Lam Gods
Johannes 1:29a
„Des anderen daags zag Johannes Jezus tot zich komende en zei: „Zie, het Lam Gods.””
Johannes de Doper noemt Jezus Christus een Lam en bovenal het Lam Gods. We horen dus Johannes de Doper spreken over Jezus Christus, de Zoon van God, de ware Messias en Heiland der wereld. Hij was door God beloofd en door de vaderen zo lang verwacht. Eindelijk, in de volheid des tijds, is Hij gekomen volgens het woord van de belofte, tot verzoening der zonden en om een eeuwige gerechtigheid en vrede aan te brengen.
Zo staat in de woorden voorafgaande aan onze tekst: „Des anderen daags zag Johannes Jezus tot zich komen.” En als hij Hem ziet komen, toont hij Jezus de Messias als met de vinger aan het volk en de toehoorders. Hij zegt dan: „Zie, het Lam Gods.”

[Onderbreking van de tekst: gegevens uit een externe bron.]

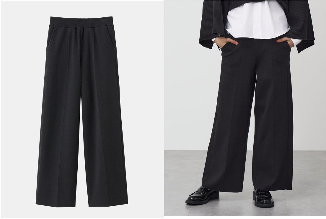 「コットンブレンドイージーパンツ」は、ウエストを総ゴムで仕上げ、窮屈感のない程よいフィット感が特長のイージーパンツです。膝まで施された裏地により、ニット素材にありがちな「膝が出やすい」といった悩みを軽減します。また、編地の切り替えでセンターラインを入れることで、脚のラインを美しく見せる効果もあります。さらに、両サイドに付けたポケットや、自宅での手洗いが可能など、実用性も兼ね備えています。

Hij noemt Jezus een Lam en bovenal het Lam Gods. Een Lam noemt hij Jezus, omdat Hij het voorwerp is van al de schaduwachtige en afbeeldende lammeren. Die lammeren werden in het Oude Testament onder de bediening van de wet aan God geofferd. We lezen in de Schriften van het Oude Testament van een lam, door God ingesteld tot een dagelijks offer; ook van een lam tot een zoenoffer en van een lam tot een zondoffer en verder van een lam van de nieuwe maanden en de sabbat. Al deze offers waren maar schaduwen en voorbeelden van dat gezegende Lam Jezus Christus en van Zijn volmaakte offer.